Chinasa Vivian Ezugha

Chinasa Vivian Ezugha is interested in history and how history is performed in the mundanity of everyday living; for her, performance is an embodiment of past, present and future experiences.

Born in Nigeria, Enugu state in 1991, Ezugha makes work that connects her to her cultural heritage and to questions about her identity as a black woman living in England. Vivian is an interdisciplinary artist, working in Live Art, film and drawing. Having graduated from Aberystwyth University, School of Art in 2014, she currently lives and works in Norwich. Ezugha’s work has been shown in New York, Berlin and she has performed in venues across the UK. She is the founder of LIVE Art in Wymondham, a new platform for artists working in Live Art.

Ezugha is currently a New Blood artist at IBT: Bristol’s International Festival, where she will present her year-long project Because of hair; the dichotomy of culture and identity. You can also see her new work Biafra, British Politics, Ibo Brexit at Rich Mix, London on February 18.

“There’s a stage where the gothic and the erotic play together. This stage carries a drum shaped like a human. This drum when beaten terrifies the strongest men and stops the gaze of them that pass by.
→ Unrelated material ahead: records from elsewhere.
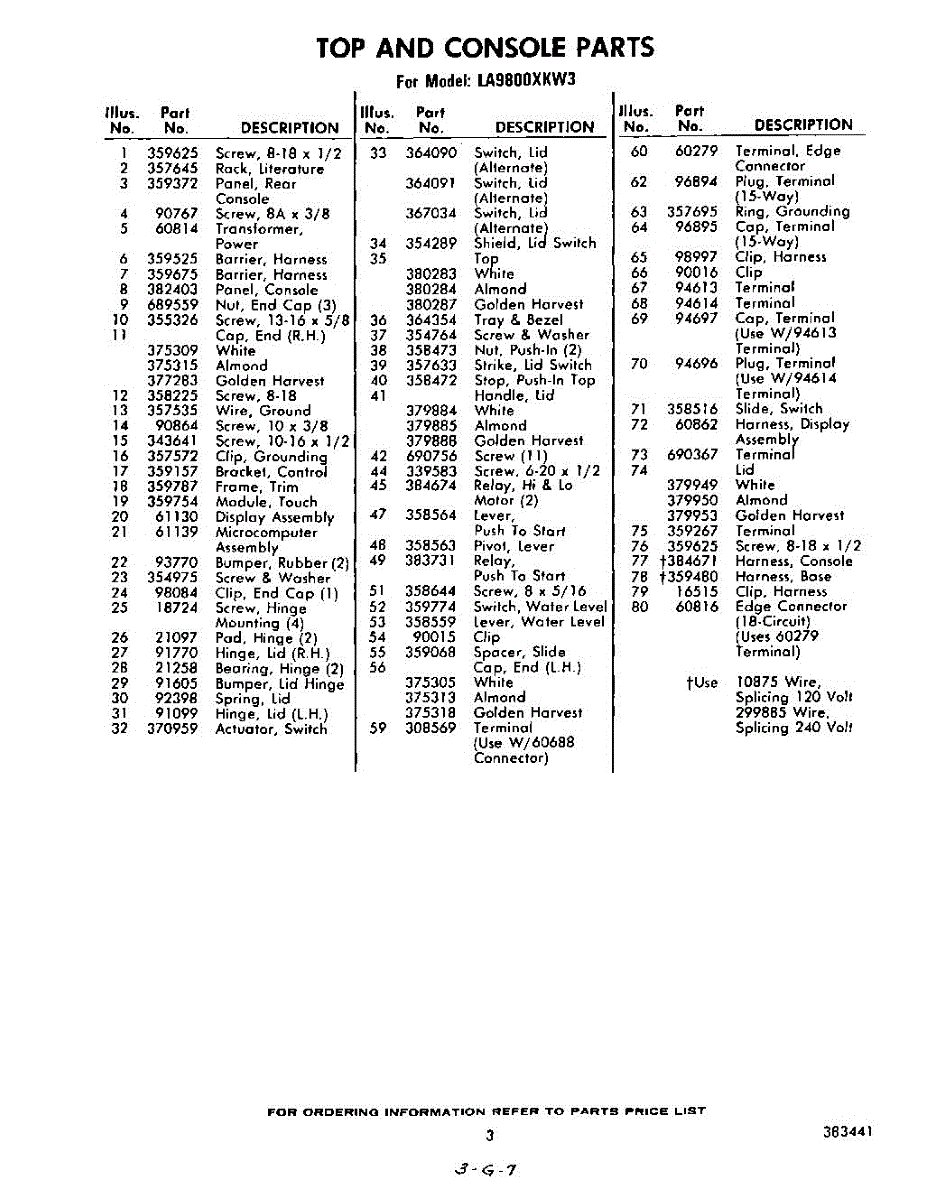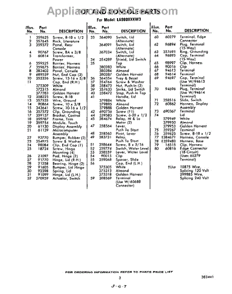 Parts for Whirlpool LA9800XKW3: 03 - Section Parts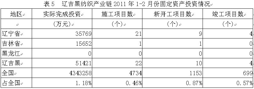 5遼吉黑紡織產(chǎn)業(yè)鏈固定資產(chǎn)投資情況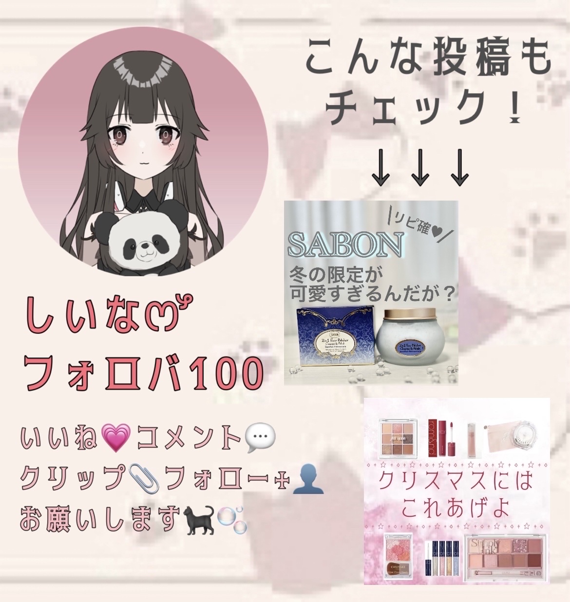 クリスマスなので女の子が大好きなキラキラした可愛いパケのアイテムを選んでいます! 自分のご褒美用にもおすすめです♡ 【〜1000円】 ・CANMAKE グロウフルールチークス ・無印良品 リップエッセンス 【〜2000円】 ・rom&nd リキッドグリッターシャドウ ・rom&nd ゼロベルベットティント ・Jill leen シャイニングミニアイシャドウパレット 【〜3000円】 ・JILL STUART コンパクトミラー 【〜5000円】 ・CLIO プロアイパレット ・SABON フェイスポリッシャー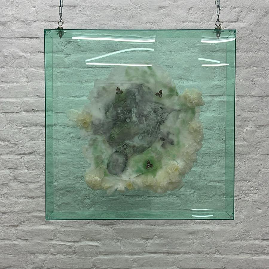 «Limpia de siete hierbas para Simon Speiser” es una obra que funciona como amuleto y que es enviado a Berlín, como un objeto contenedor de un rito de limpieza energética, que a través de las combinaciones entre cosmovisión, representaciones científicas y materia, solicita un cambio de energías y protección para el curador de la muestra.

The drum holds a secret that is revealed in its concealment. It dances with the truth and shapes the knife that cuts the womb of history. In its rawest form, it is just a clay pot but when filled with the stories of mankind it becomes the sound of war. Sometimes the drum speaks to the individual, other times it speaks to the mass.

Aha m bụ Chinasa Vivian Ezugha na m na drum. (My name is Chinasa Vivian Ezugha and I am that drum).

As a black woman living in the UK; hair plays an important role in the way I see myself in relation to my peers. Coming from Nigeria at the age of 8, I was astonished to see the differences in the visual representation of hair across cultures. The length, texture and style portray an image of difference in relation to my own hair, which was shaved. In many ways hair symbolises a process of rejection and acceptation. Philosophically hair in African culture is used to represent social and economic power; as a material that is constantly malleable by human hand, hair becomes an object, subject and a symbol of identity and culture.”